Владимир Карпов - За годом год
Первое, что привлекло внимание Вали, когда она знакомилась с Алесей, была ее сдержанность. Вернее, состояние уставшего человека, которого не покидает какая-то мысль. Она делала ее движения замедленными, светилась на энергичном худощавом лице, в красивых глазах. И знакомилась ли она с Валей, слушала ли ее или разговаривала по телефону, мысль, которая была далеко от всего этого, сновала и сновала.
Говорила она о себе неохотно, плохо помнила цифры, даты, так необходимые Вале, иногда даже путала название улицы, где по ее проекту должен был строиться дом. И только ночью, когда они легли в постель, почувствовали тепло друг друга, Алеся вдруг стала словоохотливой. Но заговорила она не о городе, не о своей работе, а об отце.

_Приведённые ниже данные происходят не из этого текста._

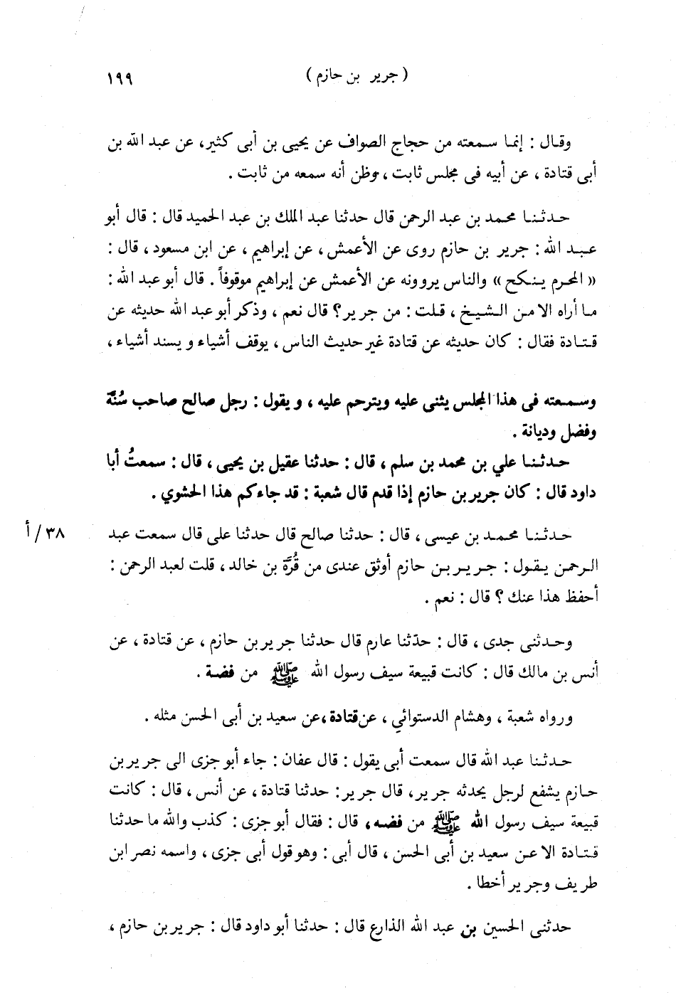 حَدَّثَنَا عَبْدُ اللَّهِ قَالَ: سَمِعْتُ أَبِي يَقُولُ: قَالَ عَفَّانُ: جَاءَ أَبُو جُزَيٍّ إِلَى جَرِيرِ بْنِ حَازِمٍ يَشْفَعُ لِرَجُلٍ يُحَدِّثُهُ جَرِيرٌ، قَالَ جَرِيرٌ: حَدَّثَنَا قَتَادَةُ عَنْ أَنَسِ قَالَ: §«كَانَتْ قَبْضَةُ سَيْفِ رَسُولِ اللَّهِ صَلَّى اللهُ عَلَيْهِ وَسَلَّمَ مِنْ فِضَّةٍ» فَقَالَ أَبُو جُزَيٍّ كَذَبَ وَاللَّهِ، مَا حَدَّثَنَا قَتَادَةُ إِلَّا عَنْ سَعِيدِ بْنِ أَبِي الْحَسَنِ. قَالَ أَبِي: وَهُوَ قَوْلُ أَبِي جُزَيٍّ وَاسْمُهُ نَصْرُ بْنُ طَرِيفٍ، وَجَرِيرٍ أَخْطَأَ. حَدَّثَنِي الْحُسَيْنُ بْنُ عَبْدِ اللَّهِ الذَّارِعُ قَالَ: حَدَّثَنَا أَبُو دَاوُدَ قَالَ: جَرِيرُ بْنُ حَازِمٍ، وَعَبْدُ الْوَهَّابِ الثَّقَفِيُّ تَغَيَّرَا فَحُجِبَ النَّاسُ عَنْهُمَا. قَالَ: وَسَمِعْتُ الْحَسَنَ بْنَ عَلِيٍّ يَقُولُ: بَلَغَنِي أَنَّ عَبْدَ الرَّحْمَنِ بْنَ مَهْدِيٍّ دَخَلَ إِلَى جَرِيرٍ يَعُودُهُ فِي اخْتِلَاطِهِ فَقَالَ: مَنْ أَنْتَ؟ فَقَالَ: عَبْدُ الرَّحْمَنِ بْنُ مَهْدِيٍّ، فَقَالَ: ابْنُ مَهْدِيِّ بْنِ مَيْمُونٍ. حَدَّثَنَا عَبْدُ اللَّهِ قَالَ: حَدَّثَنِي أَبِي، قَالَ: حَدَّثَنَا عَفَّانُ وَحَدَّثَنَا مُحَمَّدُ بْنُ إِسْمَاعِيلَ قَالَ: حَدَّثَنَا الْحَسَنُ بْنُ عَلِيٍّ قَالَ: حَدَّثَنَا عَفَّانُ حَدَّثَنَا جَرِيرُ بْنُ حَازِمٍ قَالَ: سَمِعْتُ أَبَا فَرْوَةَ قَالَ: أَخْبَرَنِي جَارٌ لِي أَنَّهُ خَاصَمَ إِلَى شُرَيْحٍ نَصْرَانِيًّا فِي شُفْعَةٍ فَقَضَى لِلنَّصْرَانِيِّ، فَقَالَ عَفَّانُ: حَدَّثَنِي غَيْرُ وَاحِدٍ عَنِ الْأَغْضَفِ قَالَ: سَأَلْتُ جَرِيرًا عَنْ حَدِيثِ أَبِي فَرْوَةَ فَقَالَ: حَدَّثَنِيهِ الْحَسَنُ بْنُ عُمَارَةَ

— Папа мне пишет все, — начала она не по возрасту наивно. — Он хороший и со мной более откровенен, чем с мамой. Думает, что она может и не понять его, а я пойму…
— Узнаю Ивана Матвеевича…
— Ты часто бываешь у наших? — встрепенулась Алеся.
— Как-то не приходится.
— Но все-таки видела череп на этажерке?
— Конечно.
— Это я нашла его во время поездки в Бухару… Однако я хотела сказать не о том. Ты, наверно, обижаешься на наших? Не надо. Папа хочет быть добрым, но обстоятельства не всегда позволяют ему…
Она обняла Валю и поцеловала. Валя не повернулась, когда та сжала ее в объятиях, и поцелуй пришелся в ухо. В ухе зазвенело.
— Папа писал и о Юркевиче. Хороший он. Его поездка — тоже не так просто, а предупреждение для кое-кого… Но до полного одобрения еще ого-го!..
Свернувшись калачиком, Валя промолчала и показалась себе маленькой, беспомощной. А Алеся все говорила, бередя душу и пугая.
Назавтра делегацию повели по новостройкам. Объяснения давали Алеся Зимчук и инженер Рыбаков, когда-то приезжавший в Минск. Осмотрели большой строительный комплекс по Саратовской улице, здание областной партшколы на площади Павших борцов, выдержанное в простых, ясных формах. На нем словно отражались прошлое города и его будущее. Первые этажи были сдержанными, почти суровыми и напоминали цитадель. Но выше — линии постепенно приобретали легкость. А лепные детали, красивый карниз и ажурный парапет уже вызывали ощущение взлета.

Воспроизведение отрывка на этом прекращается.